23 December 2014, Lagos – In one of the toughest signals yet that world’s top petroleum exporter plans to ride out the market’s biggest slump in years, the Kingdom of Saudi Arabia remained adamant on Sunday, stating that it would not cut output to prop up oil markets even if non-OPEC nations did so.
The stance maintained by Saudi Arabia signifies a new energy paradigm in the global oil market, which the kingdom is prepared to live with for as long as it takes, but is bound to hurt Russia, Venezuela and particularly Nigeria whose petroleum ministry has still not evolved an appropriate response to the emerging energy scenario.

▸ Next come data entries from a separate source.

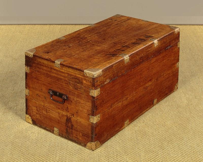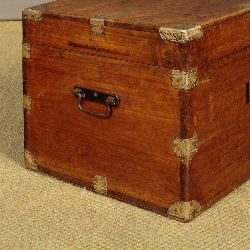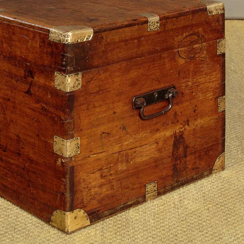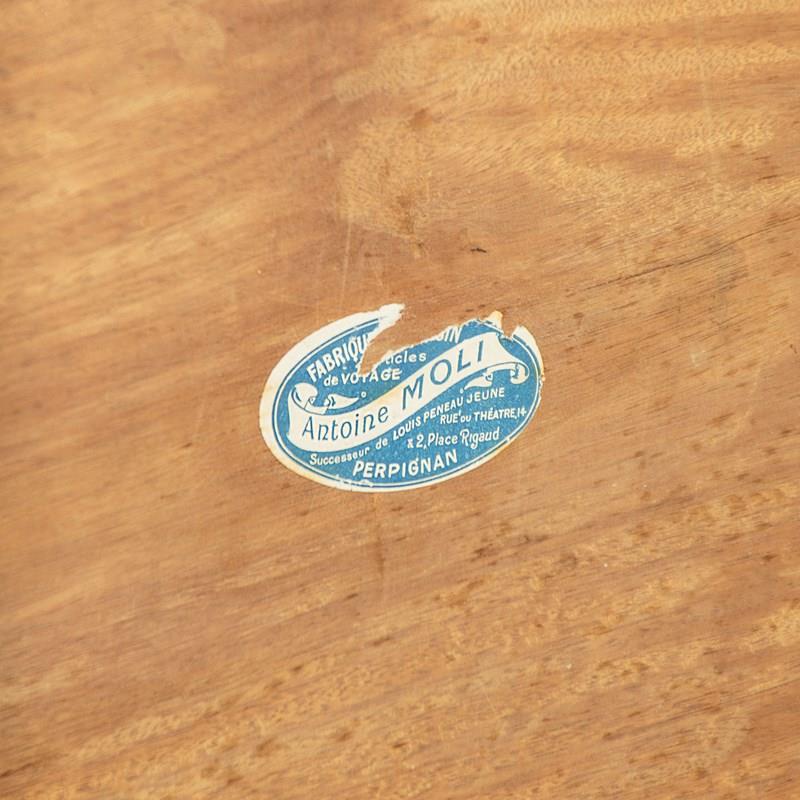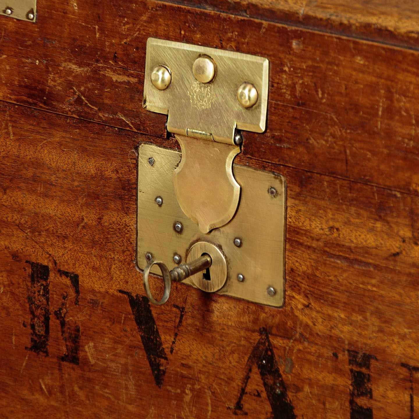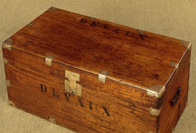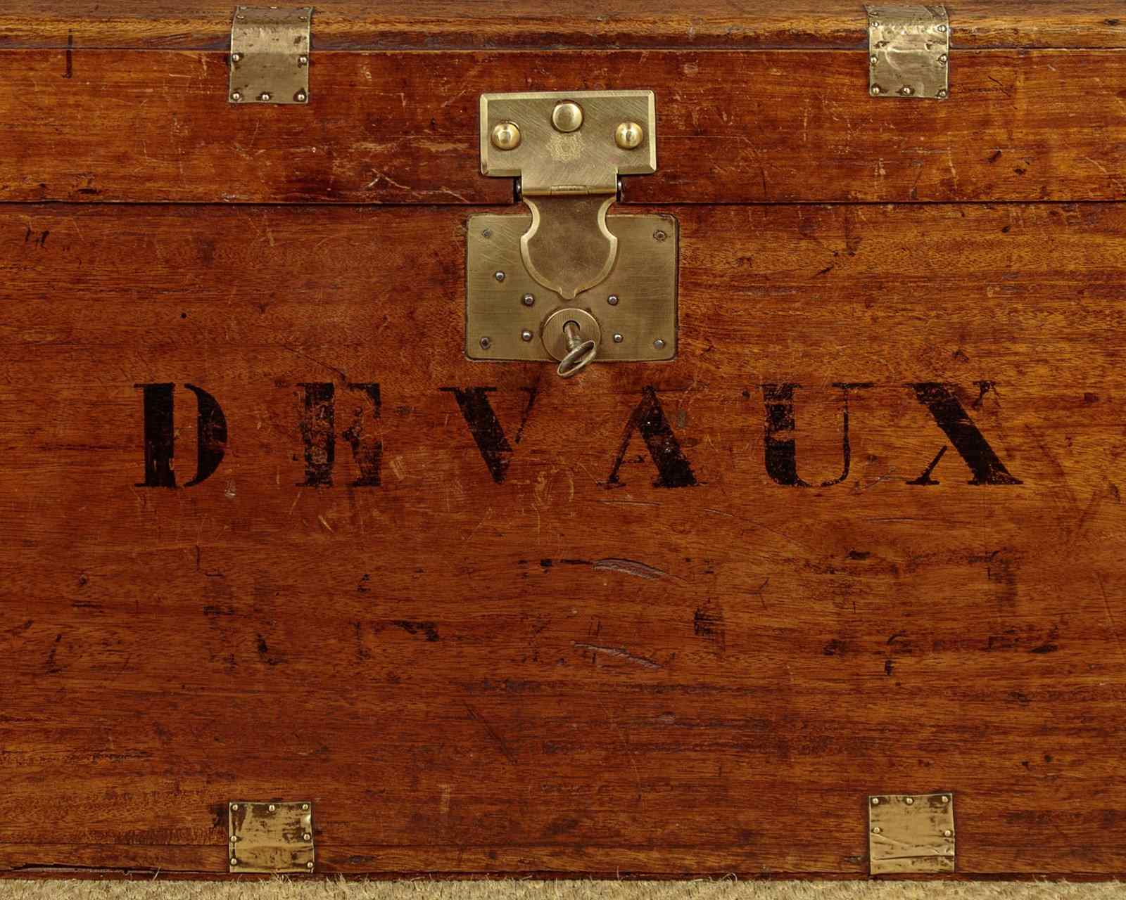 Late 19th.c. French campaign chest or travelling trunk c.1890. In mahogany with brass bindings and corners and large iron carry handles at the ends. Original stencilled lettering for Devaux (family name of one of the great French Champagne houses) on the top and front, with Marseilles faintly underneath. Fitted with a later brass latch with working lock. Paper label inside the lid for the specialist luggage makers Antoine Moli of Perpignan. Some wear and repairs, generally very good colour and condition. Restored cleaned and waxed in our workshops. Key supplied.
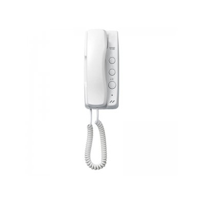 This audio handset is made from white ABS plastic and features an adjustable volume control which can also be set to mute.
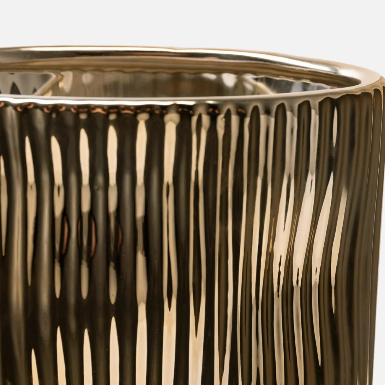 W obecnych trendach aranżacji wnętrz – wazony to nie tylko naczynie na kwiaty, ale również wyjątkowa ozdoba pomieszczenia. Nasz złoty ryflowany wazon pomoże Ci wyeksponować żywe kompozycje kwiatowe, suche trawy, ale również sam w sobie będzie ciekawą dekoracją jadalni, salonu lub przedpokoju.
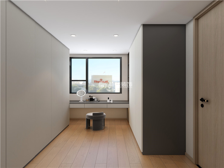客户是一名成功人士,对于家的执念就是简单干净,客户衣服比较多,所以把每个空间都做了大衣柜,并且融入到设计里

Nigeria’s fiscal position has been made even more precarious by the ambitious 2015 oil budget benchmark of $65 a barrel proposed by the Coordinating Minister for the Economy and Minister of Finance, Dr. Ngozi Okonjo-Iweala, in the face of sluggish global demand for crude oil and excess capacity being pumped by US shale oil producers.
Referring to countries outside the Organisation of the Petroleum Exporting Countries (OPEC), Saudi Oil Minister Ali al-Naimi told reporters: “If they want to cut production they are welcome: We are not going to cut, certainly Saudi Arabia is not going to cut.”

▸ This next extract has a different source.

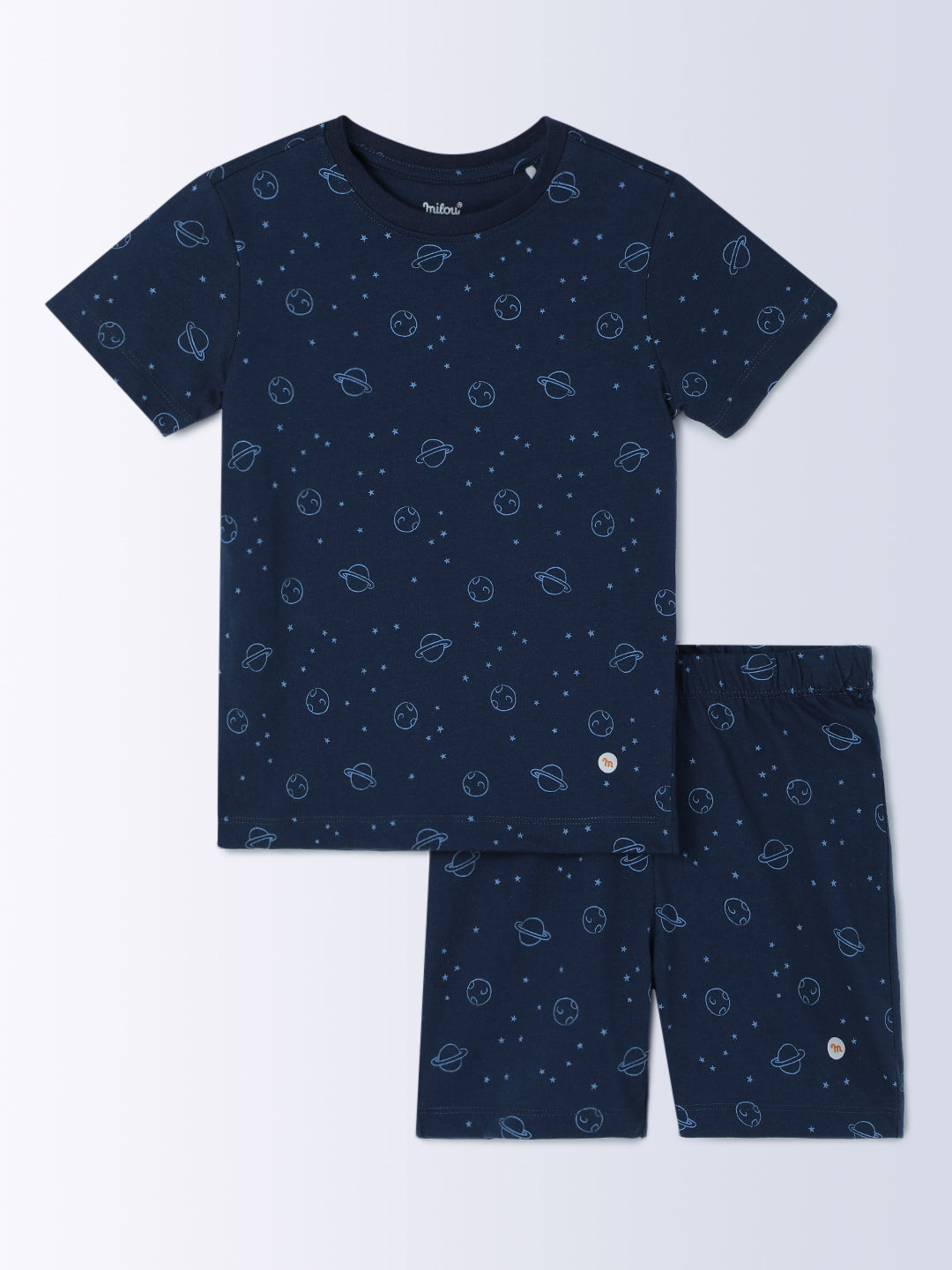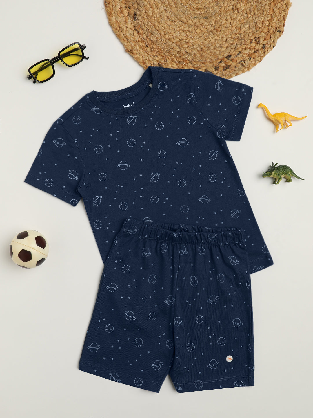 A Home wear set of top and comfortable Shorts. Can also be used as night suit. Crafted with the soft 100% Cotton fabric, treated with bio wash, to ensure the safest and most comfortable clothing for the young ones.

He added he was “100 percent not pleased” with prices but they would improve, although it was unclear when.
He blamed the fall in prices to half their levels of six months ago on speculators and what he called a lack of cooperation from non-OPEC producers.
His remarks at a conference in Abu Dhabi marked the second time in three days that the kingdom has signaled that it would not alter output levels, preferring to allow the market to stabilise on its own, reported Reuters.

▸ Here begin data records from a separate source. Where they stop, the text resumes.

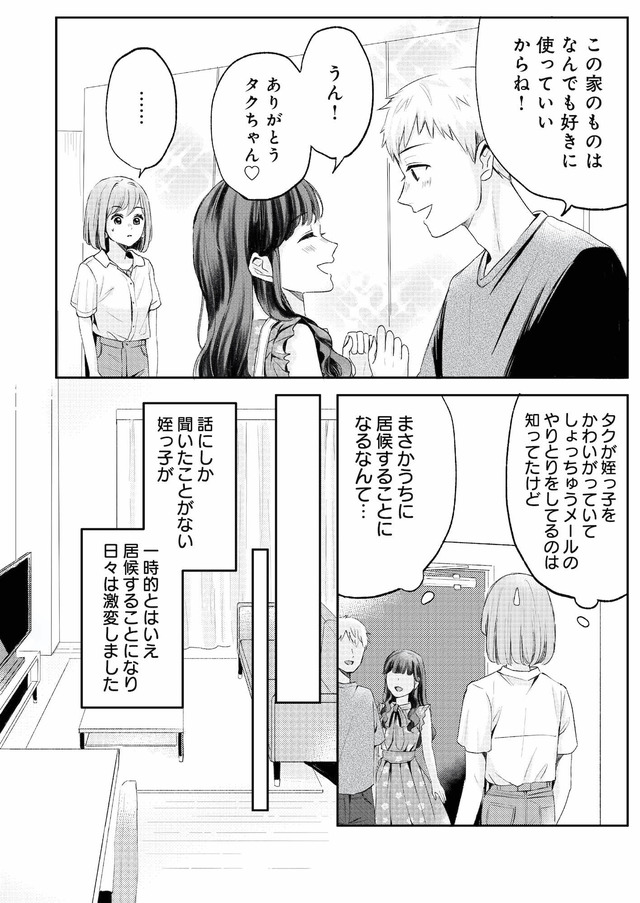そして突然姪っ子が居候発言!しぶしぶ了承したものの、明らかに2人の距離感がおかしい…妻が隣に居ても人前でイチャイチャして、妻がいないかのように2人だけで盛り上がる。
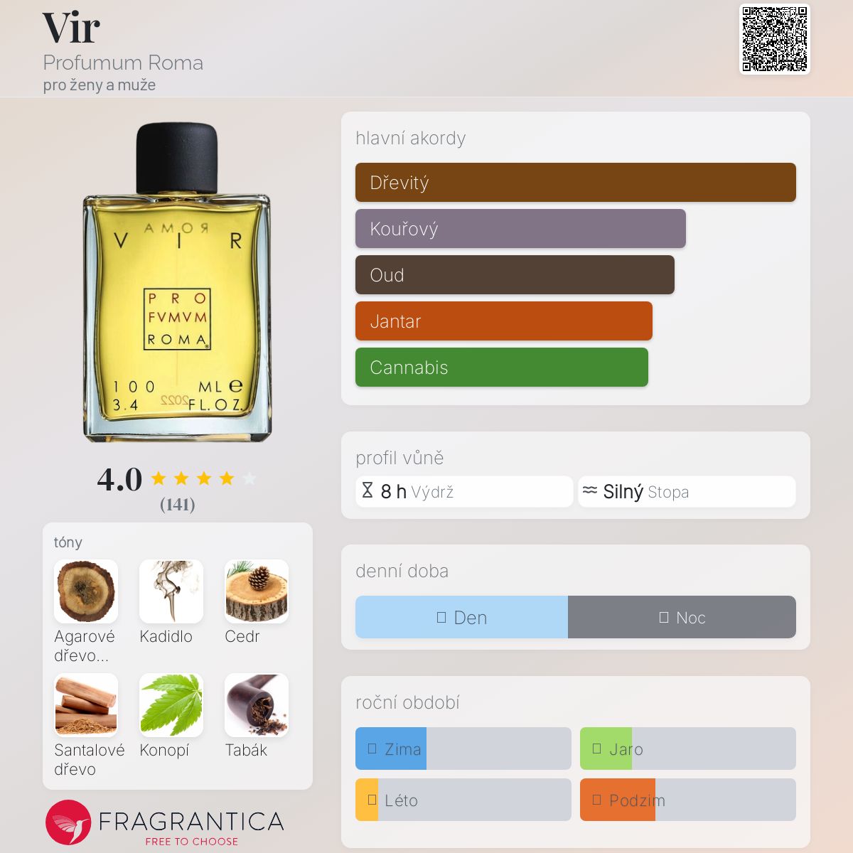 Vir podle Profumum Roma je Woody Aromatic vůně pro ženy a muže. Toto je nová vůně. Vir byl/a uveden/a v roce 2022. Vrchní tón je Konopí ; střední tóny jsouCedr, Santalové dřevo a Tabákový list ; základní tóny jsou Agarové dřevo (oud) a Kadidlo.
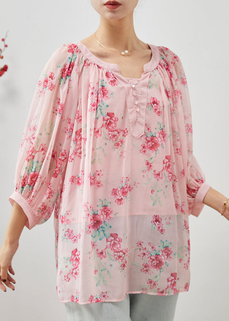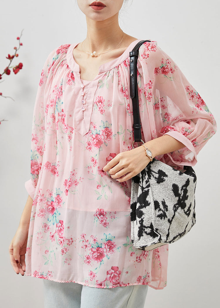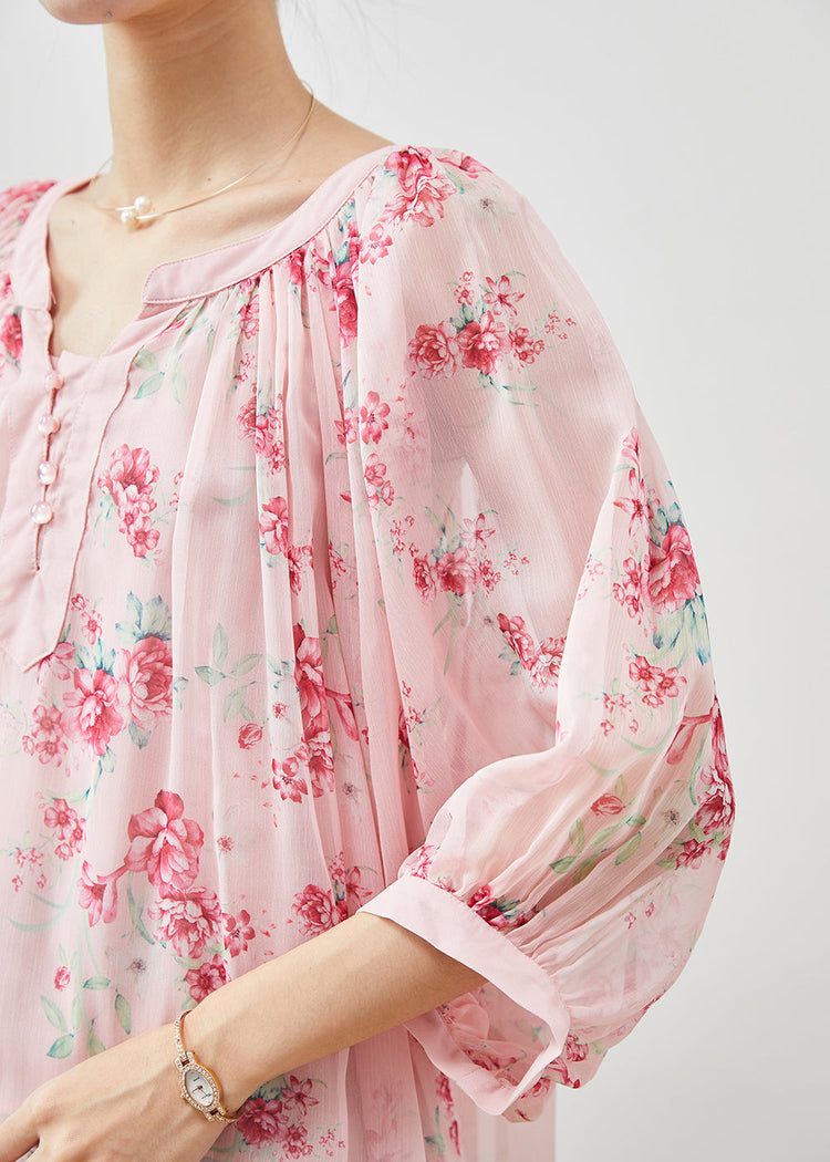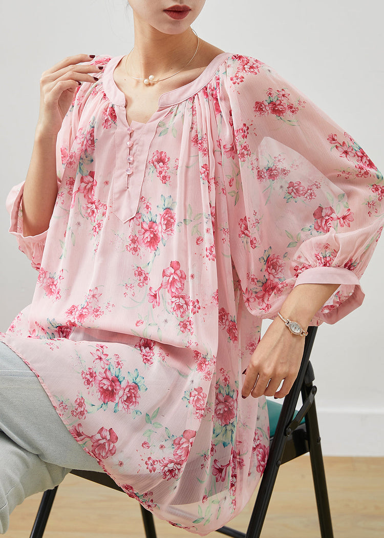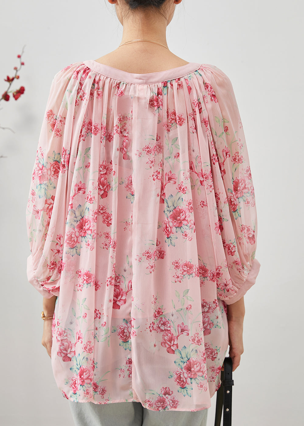 Natural Pink Oversized Print Chiffon Shirt Two Piece Bracelet Sleeve

The determined tone of his comments was echoed by some other Arab oil ministers at the conference in the United Arab Emirates (UAE) capital.
UAE Oil Minister Suhail Bin Mohammed al-Mazroui urged all of the world’s producers not to raise their oil output next year, saying this would quickly steady prices. He did not elaborate.
The world is forecast to need less OPEC oil in 2015 because of a rising supply of US shale oil and other competing sources, with no significant increase in world demand growth.
Kuwaiti Oil Minister Ali al-Omair said OPEC did not need to cut production and would not hold an emergency meeting ahead of its next scheduled talks in June.
“I don’t think we need to cut. We gave a chance to others (and) they were not willing to do so,” he said, referring to contacts with non-OPEC producers before OPEC’s December meeting in Vienna.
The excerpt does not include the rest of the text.